Les clôtures contre la vie sociale ?

Il y a quelques jours avait lieu un atelier public pour un projet de revitalisation de bourg, dans une commune péri-urbaine morbihannaise de 6000 habitants. Parmi les questions posées aux habitants regroupés par tables (bondées, car l’opération fait plus que le plein), il y a « Avez-vous l’impression d’être dans un bourg ou dans une ville ? » et « Préférez-vous que P. évolue vers un bourg ou vers une ville ? ». A la table que j’anime, on a un petit faible pour la ruralité « car ici les gens se connaissent », « dans notre bourg les gens se parlent, c’est pas comme en ville », « on se parle d’un jardin à l’autre, ou de la rue à un jardin ».
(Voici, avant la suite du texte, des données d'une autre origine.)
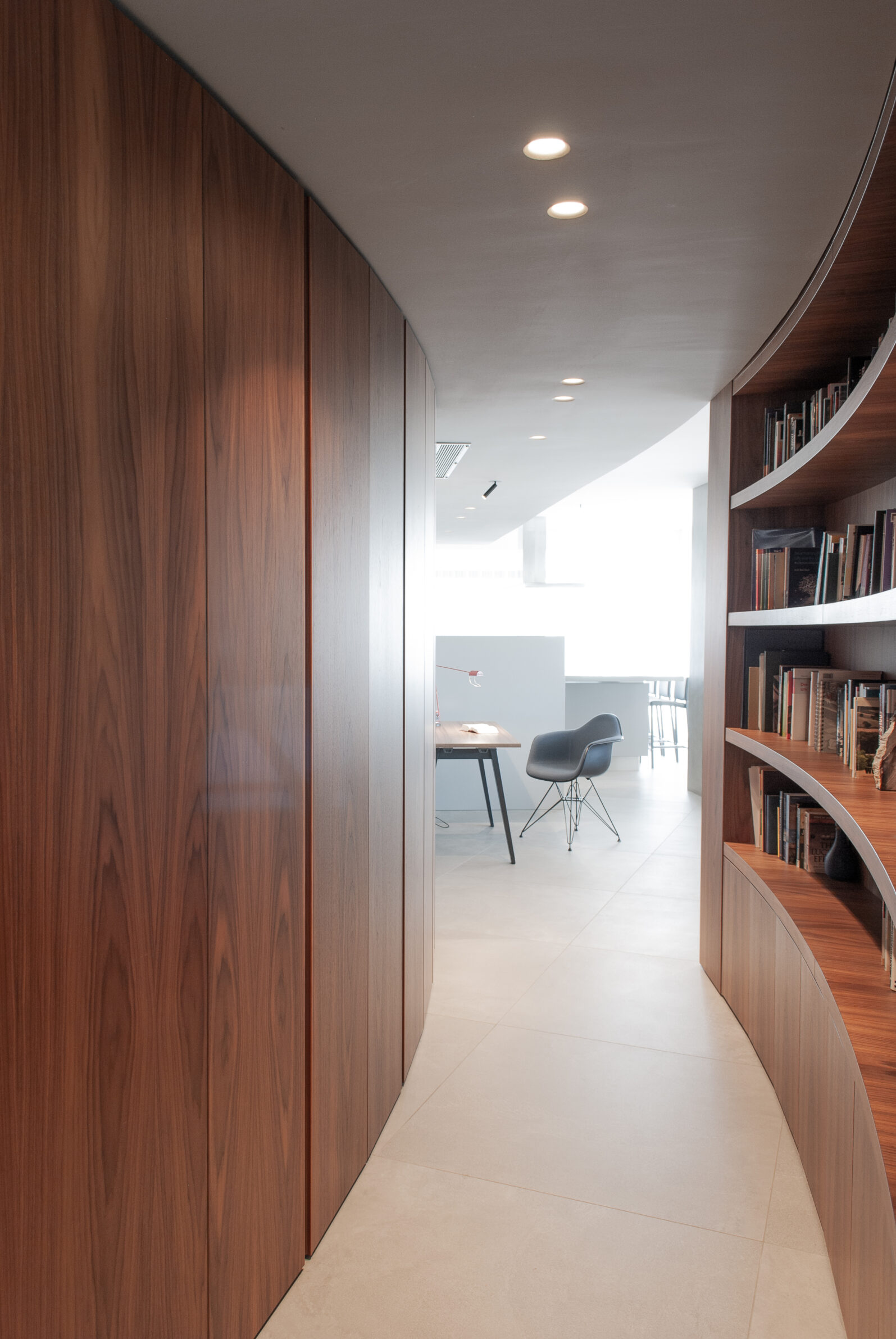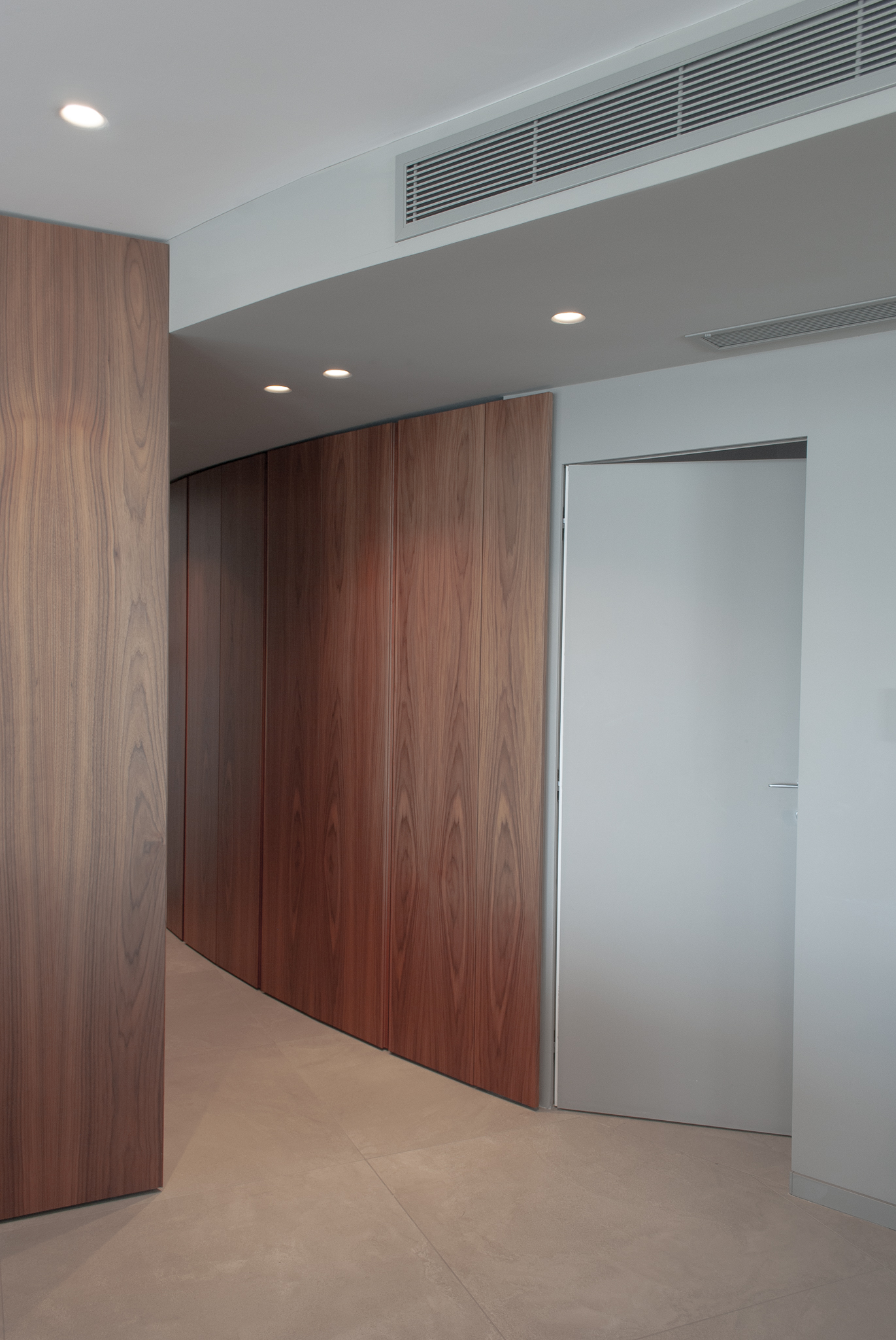 Suspended above the city, this high-rise apartment is conceived as a quiet observatory — a place where architecture meets the horizon. Framed by 180 degrees of uninterrupted views, the residence fully embraces its elevated setting, most dramatically to the east where dawn unfolds across Valletta and Manoel Island. A continuous ribbon of full-height aluminium sliding doors dissolves the boundary between interior and exterior, allowing light, air, and panoramas to permeate everyday life. These openings extend onto a deep, sheltered terrace — an outdoor room hovering above the urban fabric. The plan is organised around the choreography of views. Living, dining, and kitchen areas unfold as a single open landscape, anchored by monolithic sculptural elements that quietly define space. Bedrooms retreat to either end of the apartment, creating moments of privacy behind the veil of the landscape. Arrival to the living room occurs through a tunnel-like corridor wrapped in curved walnut timber. The passage compresses before releasing into light, intensifying the drama of the panorama beyond it.
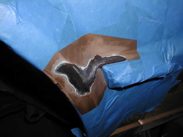 Si quería, podía han utilizado a Bondo para igualar algunas de las abolladuras y llenar el espacio donde la pintura se ha ido
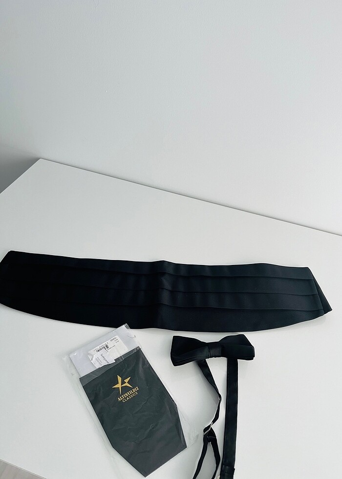 Kuşak papyon ve cep mendili hepsi etiketlidir.

Pas mal non plus… vous en voulez d’autres ?
Mon Oncle, de Jacques Tati (1958)

J’ai là de quoi titiller les participants, car il me semble que le rôle d’un animateur n’est pas uniquement d’enregistrer la vox populi, mais peut-être un peu aussi d’inciter à réfléchir. Non content de demander traîtreusement si ces sympathiques échanges ont plutôt lieu quand les gens se déplacent en voiture (cas général ici) ou à pied, je demande aussi s’il est vraiment commode de se parler entre la rue et un jardin lorsque les gens s’enferment dans des forteresses étanches, souvent constituées de murs de parpaings surmontés de ces lames ou plaques de plastique opaques de couleur gris anthracite, et qui font fureur par les temps qui courent. Un ange passe, puis certains participants conviennent qu’effectivement, ce n’est pas le genre de chose qui facilite la vie sociale. Pour ma part, mais je n’ai pas à donner mon point de vue, il me semble qu’on est là dans un mode de vie pseudo-rural, où les gens ne sortent de leur voiture que pour se retrancher dans leur forteresse plastifiée. Un participant reconnaîtra d’ailleurs plus tard qu’ « ici, on ne voit personne dehors le soir tandis qu’en ville, on sort le soir » et un autre que « en ville, il y a des parcs où on peut se balader et se rencontrer, alors qu’ici il n’y a rien ». On dirait bien que le débat entre « ruralité » et « urbanité » est loin d’être clos. Et pour le moment, on peut toujours aller revoir Mon Oncle, de Jacques Tati, que nous célébrâmes ici et dans lequel il ridiculise joyeusement l’enfermement pavillonnaire moderne.